В начале было Слово, и Слово было у Бога, и Слово было Бог.

Оно было в начале у Бога.

Все через него начало быть, и без него ничего не начало быть, что начало быть.

В нем была жизнь, и жизнь была свет человеков.

И свет во тьме светит, и тьма не объяла его.

ОМ

Слово, лишенное звука. Только лишившись звука оно могло сохраниться. Слова, обращенные в звук утратили свое звучание и смысл.

Ом… Это - шелест первой волны на рассвете. Это первое дыхание новорожденного…

К чему тебе мои слова, малыш? Ведь это только мои слова. А ты все равно не поймешь их - так же, как я не пойму твоих слов. Просто потому, что мы по-разному называем вещи своими именами. Ибо, сказал мудрец : мыль изреченная есть ложь.

Так что, давай лучше помолчим. Пойдем, я покажу тебе Небо.


Я взял Гесс за руку и подвел к окну. И мы шагнули через подоконник…

Воздух был похож на хрусталь. Он тихо звенел, вливаясь в легкие, и этот звон разливался по нашим жилам - как будто маленькие льдинки по замерзающей реке. И так же звенели звезды, вмерзшие в фиолетово-черную чашу неба. Звезды были колючие и холодные - казалось, будто кто-то там, наверху, разбросал горсть бриллиантов. И не было этому конца, и все сущее казалось всего лишь началом. И от неба шел странный, голубовато-зеленый запах.

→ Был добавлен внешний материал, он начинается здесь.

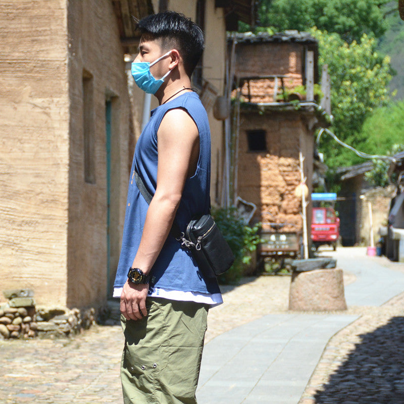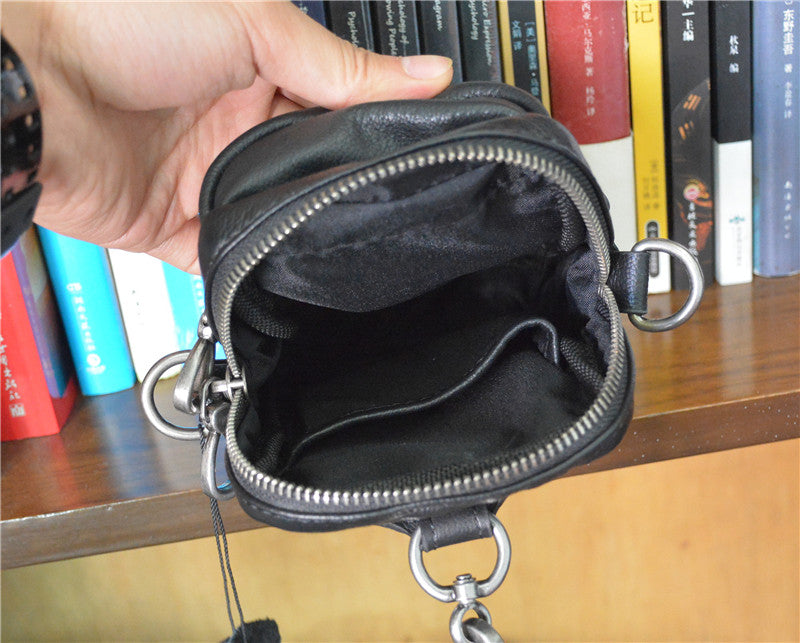 Design: Black LEATHER MEN'S Small Belt Pouch Mini Side bag Vertical Phone Bag MESSENGER BAG Waist Bag FOR MENOverview:
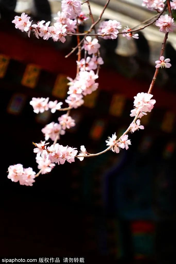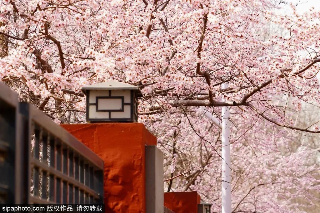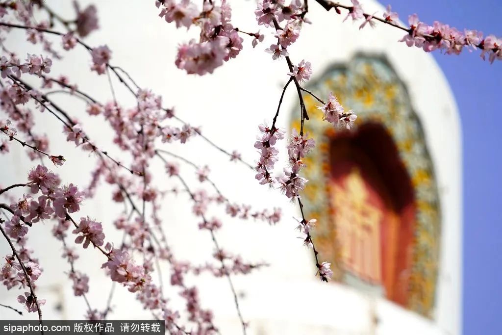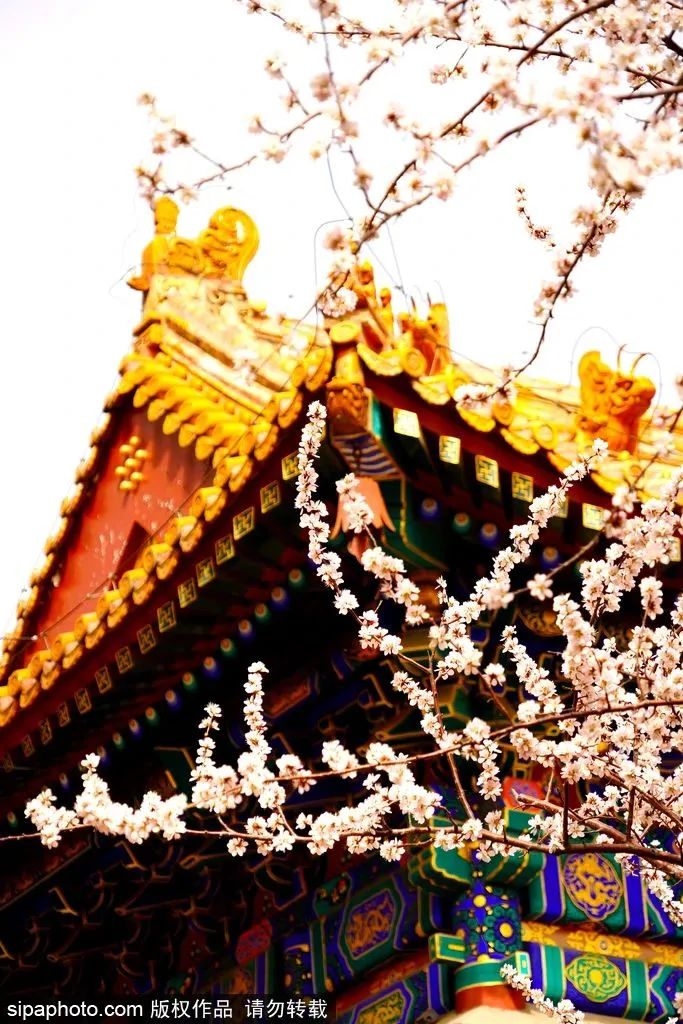 観光客が写真撮影を手軽に楽しめるように、公園では2つの撮影スポットをおすすめしています。1つは塔の西側の手すりの下、もう1つは白塔へと続く階段から振り返る場所です。皇家御苑の朱色の壁、金色の屋根の装飾、そして粉白色の優美な桃の花が相まって、非常に美しい風景が撮影できます。

Наверно, я просто пустил Гесс в этот мир, потому что она сказала тихо, но очень уверенно: "Теперь ты никуда не уйдешь". И я понял, что она права. Я увидел протянувшуюся между нами хрустальную цепь…


Тоска… Какого черта?!. Упругие синеватые кольца дыма заползают под ребра и растворяются, оставляя лишь холодную звенящую пустоту в груди. И горячий  ком сердца, висящий в этой пустоте на тонкой, едва ощутимой нити… И воспаленный нарыв памяти. Какого черта?!.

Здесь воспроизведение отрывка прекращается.